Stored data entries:
----------------
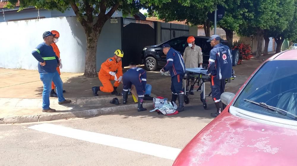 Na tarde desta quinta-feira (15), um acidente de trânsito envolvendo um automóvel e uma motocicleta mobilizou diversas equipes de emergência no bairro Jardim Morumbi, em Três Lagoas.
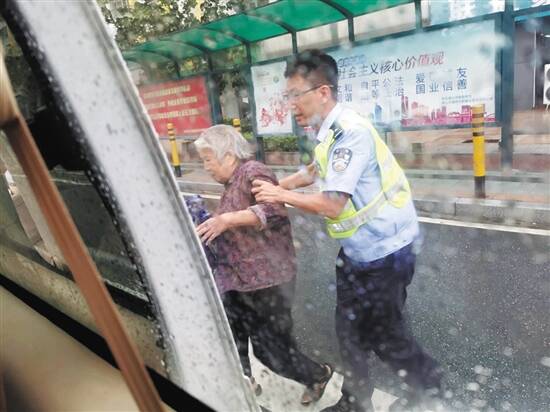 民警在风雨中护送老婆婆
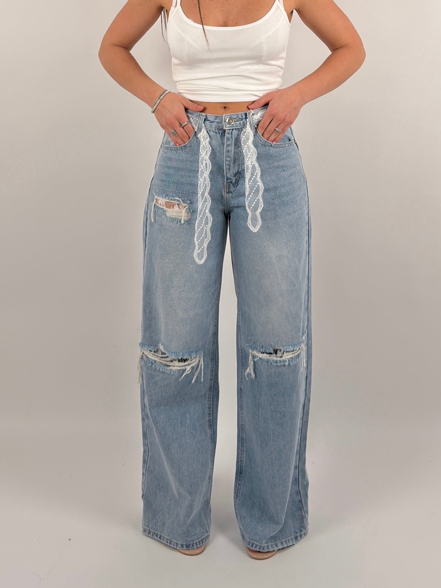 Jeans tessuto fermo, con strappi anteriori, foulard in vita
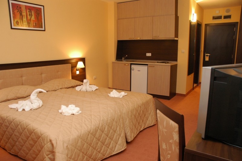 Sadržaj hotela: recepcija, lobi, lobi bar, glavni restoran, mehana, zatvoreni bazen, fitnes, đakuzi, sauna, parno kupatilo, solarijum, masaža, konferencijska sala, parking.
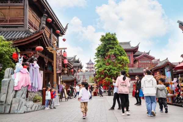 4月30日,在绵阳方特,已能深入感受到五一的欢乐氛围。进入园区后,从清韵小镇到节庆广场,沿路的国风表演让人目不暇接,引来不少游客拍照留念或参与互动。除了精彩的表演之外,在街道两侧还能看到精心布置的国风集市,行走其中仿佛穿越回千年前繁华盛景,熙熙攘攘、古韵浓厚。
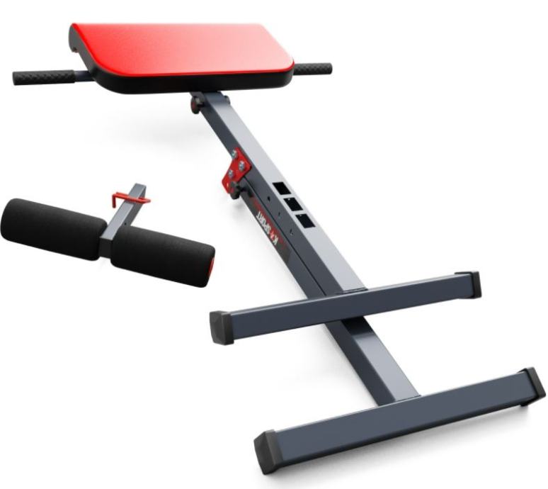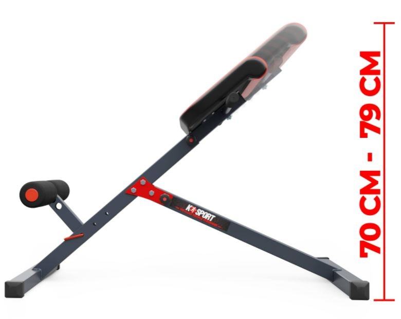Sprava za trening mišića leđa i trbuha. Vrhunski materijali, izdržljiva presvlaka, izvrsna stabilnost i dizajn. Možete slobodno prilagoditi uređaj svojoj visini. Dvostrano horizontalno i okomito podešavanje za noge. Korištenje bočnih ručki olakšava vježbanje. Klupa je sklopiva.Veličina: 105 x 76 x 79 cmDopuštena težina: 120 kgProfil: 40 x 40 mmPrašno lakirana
----------------
» **What to produce**: Skip every picture and return the lines above from the top through the one that contains "Jeans tessuto fermo, con".

» **Result of the exercise**:
 Na tarde desta quinta-feira (15), um acidente de trânsito envolvendo um automóvel e uma motocicleta mobilizou diversas equipes de emergência no bairro Jardim Morumbi, em Três Lagoas.
 民警在风雨中护送老婆婆
 Jeans tessuto fermo, con strappi anteriori, foulard in vita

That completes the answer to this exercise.